Dissolving microneedle patches for transdermal delivery of paroxetine: in-vitro, ex-vivo studies and its PBPK modeling

Abstract

Background: Paroxetine HCl (PRX-HCl), an antidepressant, has poor water solubility and low oral bioavailability with 50% being metabolized in the liver. The oral formulations have multiple side effects. The present work aimed to develop dissolving microneedle patches (MNPs) of PRX-HCl to resolve low bioavailability and side effect issues while achieving enhanced transdermal delivery.

Materials and methods: Three silicone templates of varying dimensions were used to fabricate 27 blank and nine PRX-HCl MNPs with PVP and PVA through mold casting method. MNPs were evaluated for physicochemical properties, in-vitro release, and ex-vivo permeation. The optimized MNP was further analyzed for FTIR, DSC, skin penetration, in-silico PBPK modeling, and stability.

Results: MNPs from the optimized formulation successfully created microchannels in rat skin, demonstrated higher permeation than control MNPs with a flux of 146.18 ± 13.42 µg/cm²/h, presented a decrease in lag phase and an increase in drug plasma C_max and AUC compared to PAXIL CR 12.5 mg oral, and showed higher stability in the room and refrigerator conditions.

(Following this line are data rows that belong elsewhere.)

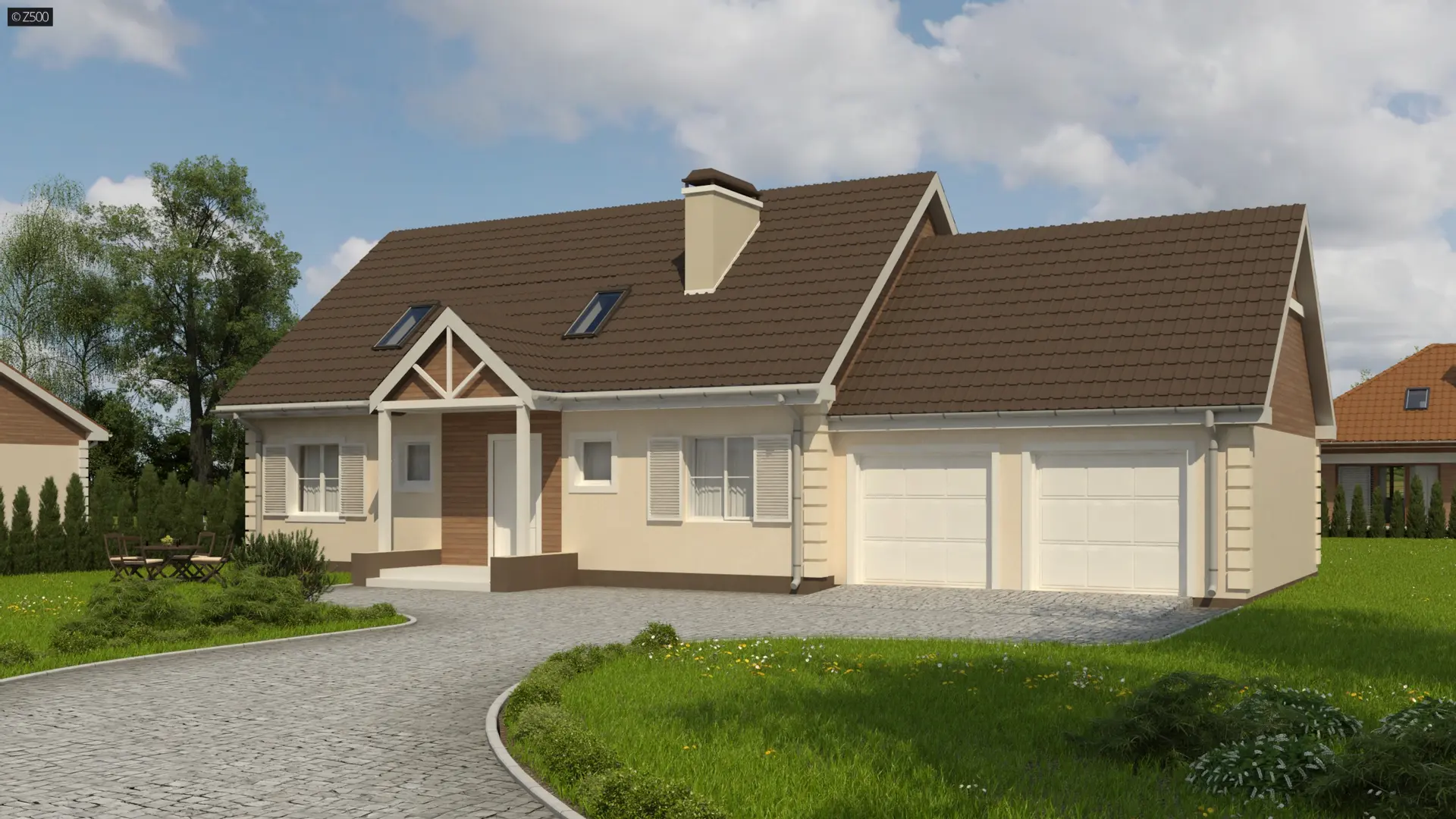 Dom z poddaszem i 6 pokojami, podwójnym garażem i dachem dwuspadowym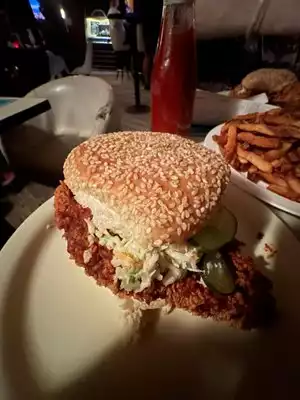 Great little bar throw back to the 90s quick and delicious food the Hot Chicken sandwich was awesome, fries on the little crispy side but i was full after the sando, really great quick service at the bar. The price point was also reasonable for the area.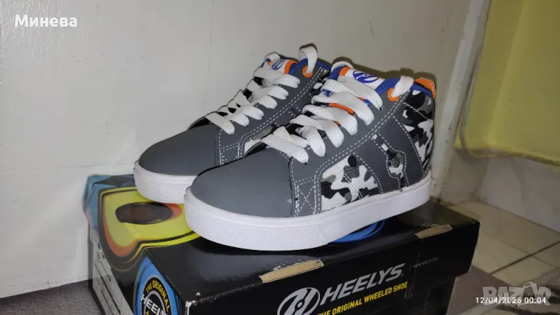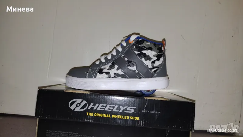Маратонки с колелца HEELYS в сив маскировъчен нюанс, изработени от висококачествена кожа и текстил за отличен комфорт при носене, с по едно голямо колелце на обувка за повече стабилност при каране, в комплект с ключе за лесно сваляне на колелцата и капачета за затваряне на отворите когато са без колелца и възможност за носене като обикновени маратонки. Номер 31 и дължина на стелката 18 см. Чудесен подарък за всяко дете обичащо забавленията.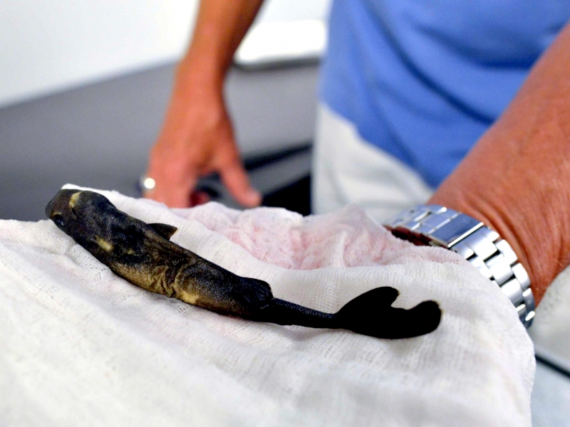 The last Pocket Shark found was a female who clocked in at about 17 inches along. Adding to the limited body of research about this remarkable animal, the Pocket Shark’s belly had “ventral abdominal photophore agglomerations” which in non-science-speak, means it had a grouping of light-emitting organs on its underside. Upon running tests on the shy species, it was determined that the Pocket Shark’s closest relative was the Cookie Cutter Shark. Like those sharks, the researchers theorize that in addition to eating smaller animals whole, the Pocket Shark might also feed by chewing out plugs of meat from larger creatures. This record of such an unusual and extremely rare fish is exciting, but its also an important reminder that we still have much to learn about the species that inhabit our oceans.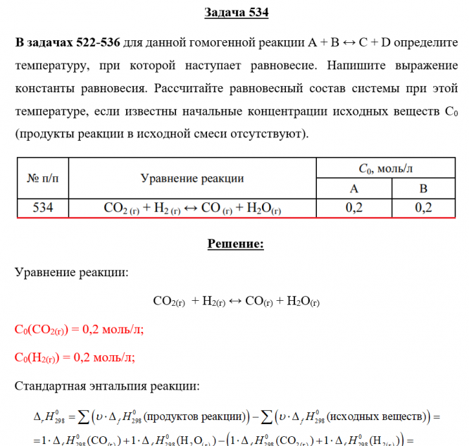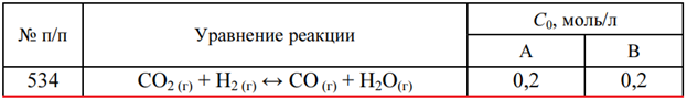 Задача 534 - для данной гомогенной реакции А + В ↔ С + D определите температуру, при которой наступает равновесие. Напишите выражение константы равновесия. Рассчитайте равновесный состав системы при этой температуре, если известны начальные концентра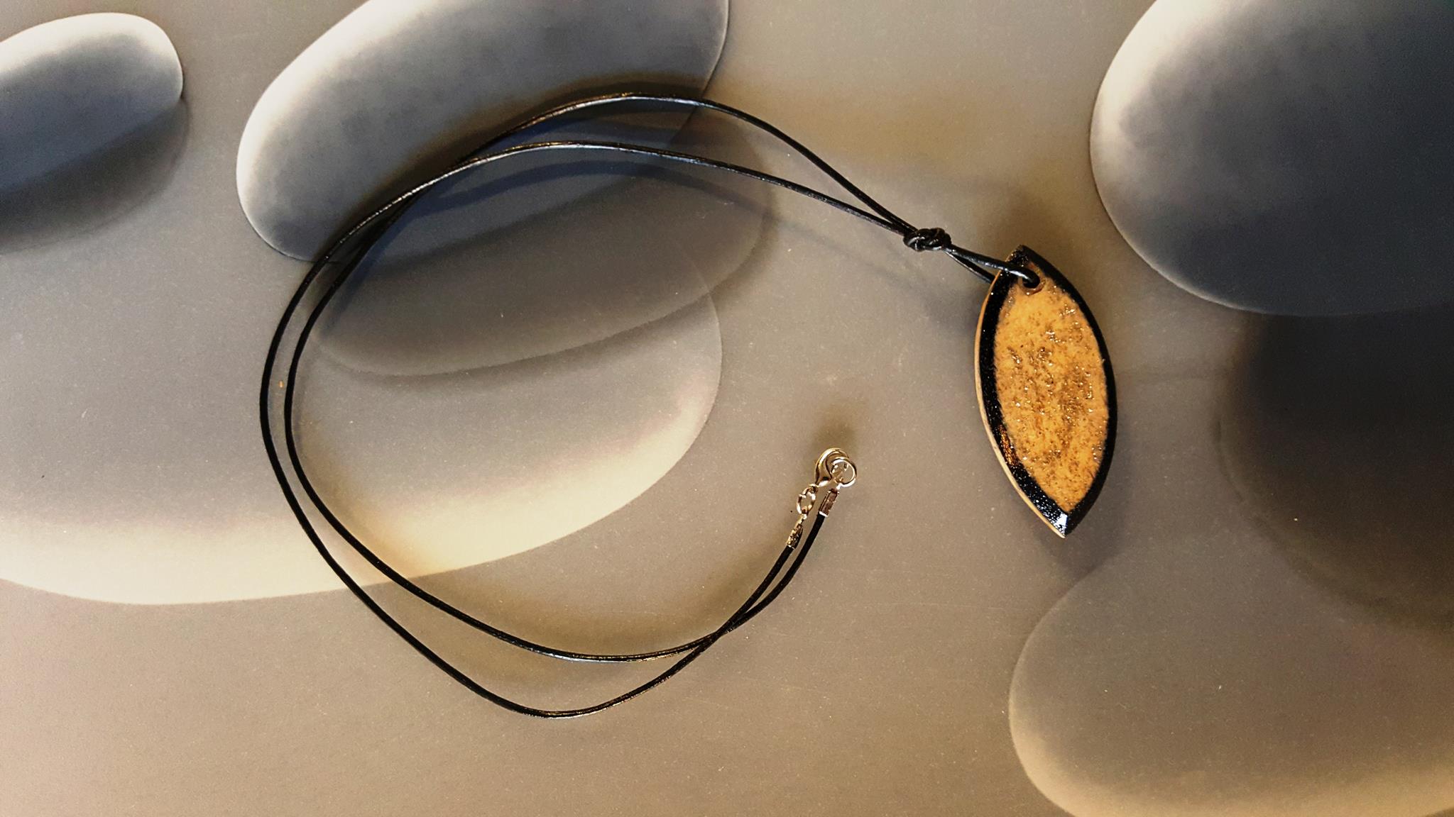 Anhänger aus Birke mit geschwärztem Rand und Silberstaub, mehrfach lackiert.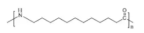 英文名:Polyamide12 or Nylon12;簡(jiǎn)稱PA12。尼龍12,又稱聚酰胺12,即聚十二酰胺。分子結(jié)構(gòu)式為: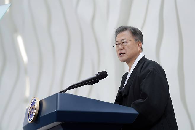 | ▲ 2022년 3월 1일 문재인 대통령이 서울 서대문구 국립 대한민국임시정부 기념관에서 열린 제103주년 3.1절 기념식에서 기념사를 하고 있다. |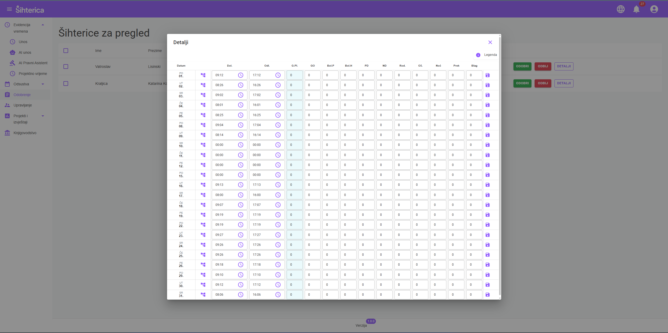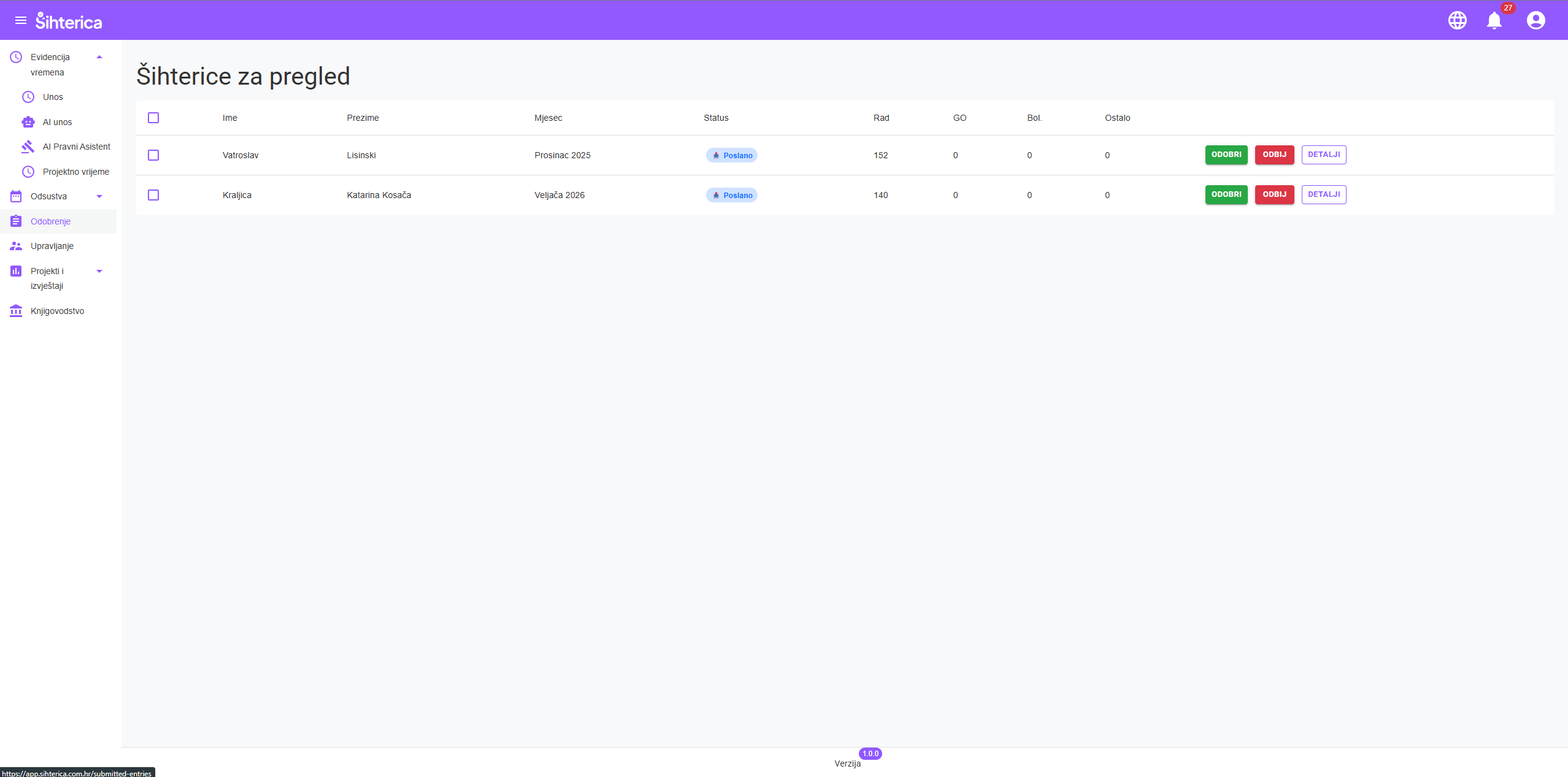 Pregledajte sve radne sate poslane na odobravanje. Odobrite točne unose, sami napravite ispravke ili odbijte i zatražite od zaposlenika da ispravi podatke.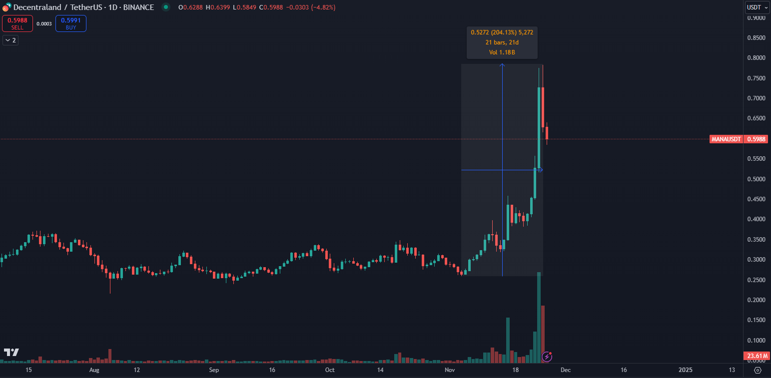 Kryptomena MANA podľa údajov TradingView stúpla za 3 týždne o 200 %. Za posledné dva dni došlo ku korekcii o 24 % a zrejme pokles ešte nezaznamenal svoj koniec. Investori by mali počkať, kým trh vychladne.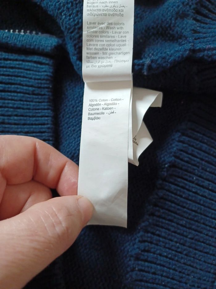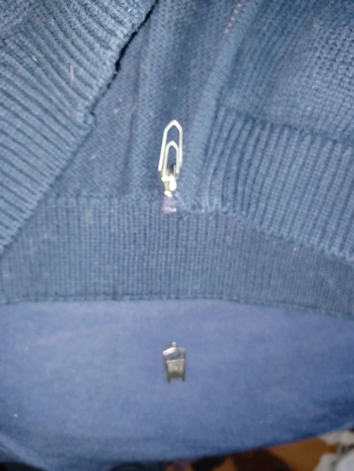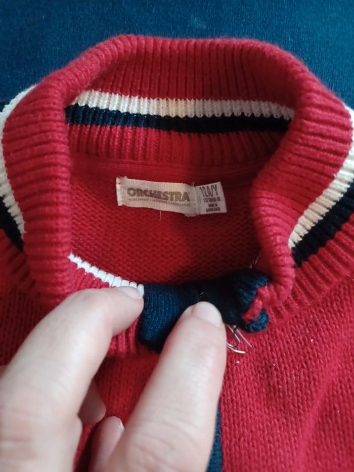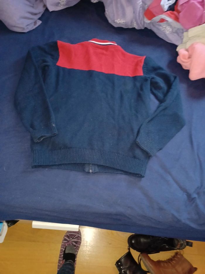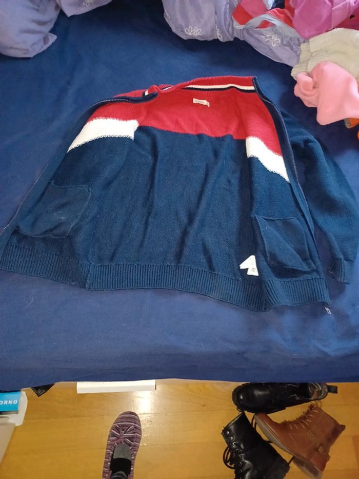 Beau gilet 100%coton de chez orchestra taille 12 ans J ai cassé le fermoir de la fermeture éclair en prenant des photos je l'ai remplacé par un trombone d où le prix bas Couleur bleu marine rouge et blanc 1 poche de chaque côté #lae73garcon12ans

Conclusion: The prepared MNPs were stable and can deliver PRX-HCl sufficiently across skin barrier with enhanced bioavailability compared to oral administration at similar doses and thus be a better alternative to already available delivery systems for PRX-HCl.

Keywords: GastroPlus; Paroxetine; dissolving microneedles; in-silico; polyvinyl alcohol; polyvinylpyrrolidone; transdermal.